H2S dissolves very poorly in water. Adding a base (NaOH) to the water stream will convert H2S to Na2S, which dissolves well in water. Depending on the standards for surface water near the plant, the waste water stream may or may not be discharged directly into the surface water. In the latter case, costs of operation will increase as a result of waste water treatment at central facilities. It is also possible to precipitate Na2S which produces a removable solid salt.

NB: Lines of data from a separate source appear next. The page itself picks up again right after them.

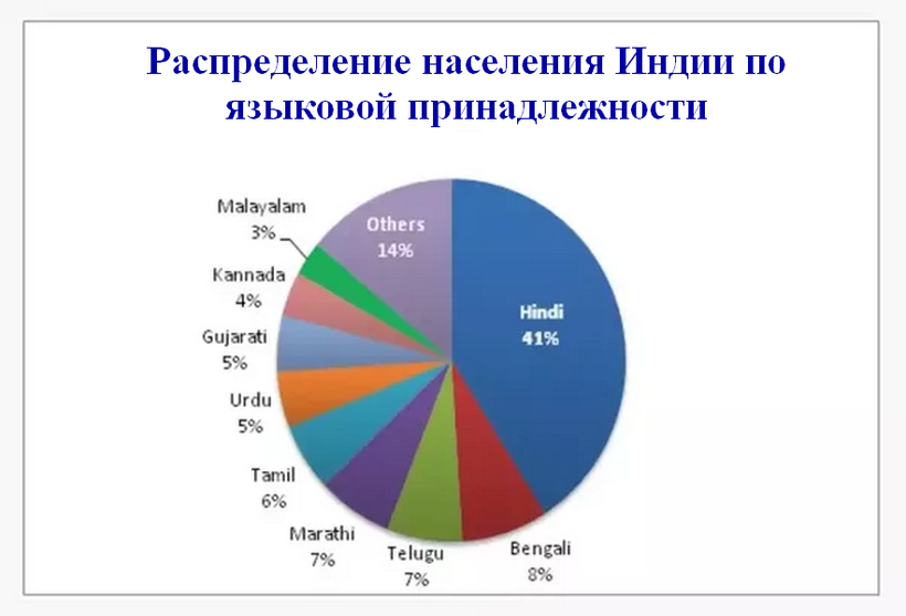 Язык хинди — это безусловный лидер по количеству носителей, которых насчитывается около 490 миллионов человек (около 41% населения страны). Хинди распространен преимущественно в северной части страны. То есть, если вы собрались посетить Гоа или любое другое место в южной части Индии, можно не заучивать фразы на хинди из разговорника, так как они вам не пригодятся.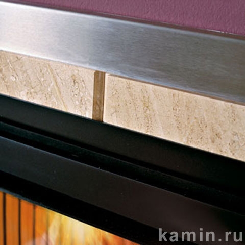 Обрамление из тигрового восточного мрамора со вставками из нержавеющей стали.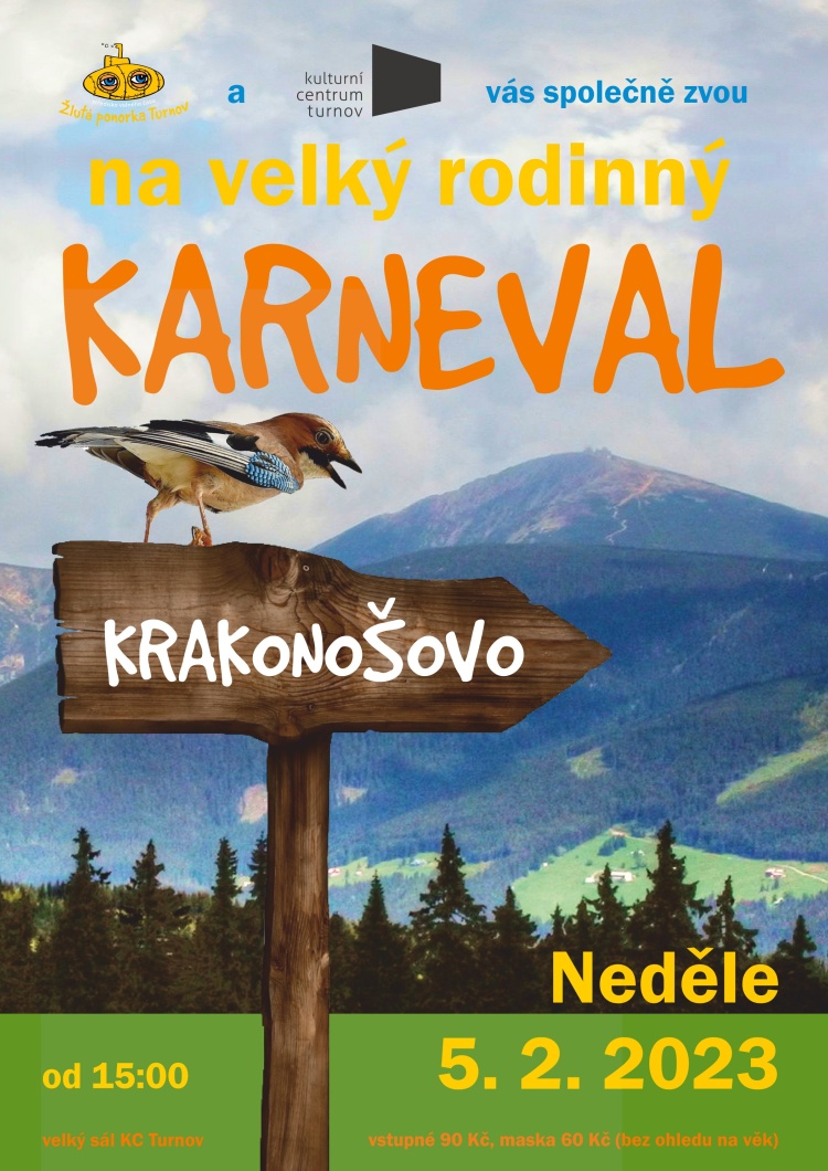 * VELKÝ RODINNÝ KARNEVAL. Žlutá ponorka ve spolupráci s Kulturním centrem Turnov vás zvou na tradiční karneval. Čekají vás hry, zábava a soutěže pro maličké i větší děti i pro rodiče. Karnevalový rej potrvá do 17.00 hodin. Střelnice od 15.00 hodin, vstupenky k dostání pouze na místě – 90 Kč bez masky, 60 Kč s maskou bez ohledu na věk.
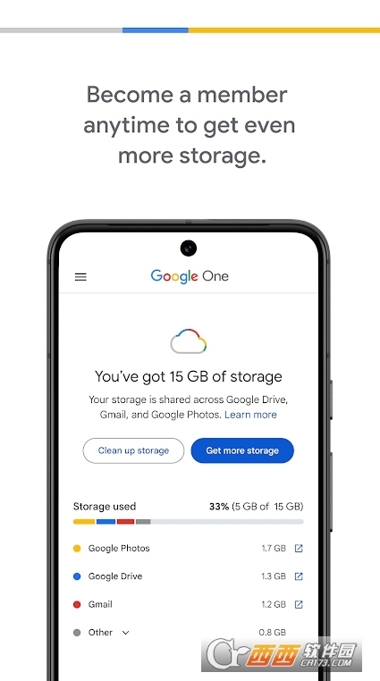 Google One2025最新版下载为用户提供了一个便捷的方式来管理和扩展云端存储空间。用户可以查看在 Google 云端硬盘、Gmail 和 Google 相册中的存储使用情况,并使用内置的存储空间管理器来轻松释放不必要的文件,确保存储空间的有效利用,欢迎来下载吧。

In this study it is assumed that all H2S is removed by sodium hydroxide in a wet scrubber. Table 8 shows the H2S concentrations in the fuel gas for the selected fuels. For verge grass, organic domestic waste and the wood sludge mixture a concentration of 200 ppm is assumed.25 For demolition wood and thinnings it is assumed that 70% of the sulphur in the fuel is bound to lime. The related NaOH consumption (for 100% reaction of H2S to Na+ and S2-) is given as well. It is assumed that Na2S is removed from the scrubber as a solid salt.

 Table 8. H2S flows in the fuel gas and corresponding NaOH consumption for 100% sulphur removal.

  Demolition wood

Sludge/wood mixture

       

 

 

 

 

 

 

mass flow H2S in the fuel gas (g/sec)

0.55

3.57

3.94

1.64

3.57

Corresponding NaOH consumption (kg/hour)

2.31

15.08

16.64

6.92

15.08

 

- Heavy metals will evaporate partly in the gasifier, most probably to a far greater extent than would happen under combustion conditions. The reducing atmosphere will prevent oxidation of the metals allowing more evaporation in metallic form. Cooling will condense the metals. All condensation temperatures are above 140oC which is the temperature level to which the gas is cooled before it is passed through the baghouse filter. At the moment of writing no experimental data are available on behaviour of heavy metals under gasification conditions but it seems likely that all metals will condense out during gas cooling.27 Possibly some remaining metals will be washed out in the scrubber.

The gasifier ash and the fly ash will contain the heavy metals that were present in the fuels. The distribution of the various metal will depends on the gasification temperature and the type of fuel. Volatile metals (lead, cadmium, mercury) will concentrate in the fly ash since they evaporate to a greater extent and condense during gas cooling.53

 - No analysis was made of the emission of fluorides, but the figures available for the fluoride content in demolition wood (less than 0.00003 wt% dry matter26) are extremely low.

 The most important unknown factor for the emissions is the flue gas dryer. The flue gas entering the drier at a temperature of approximately 200oC will cause organic compounds to evaporate and will lead to the formation of dust in the dryer. To reduce dust emissions the flue gas will be passed through cyclones (which is standard equipment for such dryers). The level of hydrocarbon emissions is unknown; possibly additional filters or water scrubbers will be required to meet emission standards.

Another option is to use a steam dryer, which has no effect on the system efficiency31 but dries the fuel indirectly thus preventing emission of dust and hydrocarbons. The main disadvantage of using steam drying is that investment costs will increase. In addition more waste water will be produced (although this can be led to a central waste water treatment facility). In this study we consider the conventional rotary dryer, taking investment costs for filters into account.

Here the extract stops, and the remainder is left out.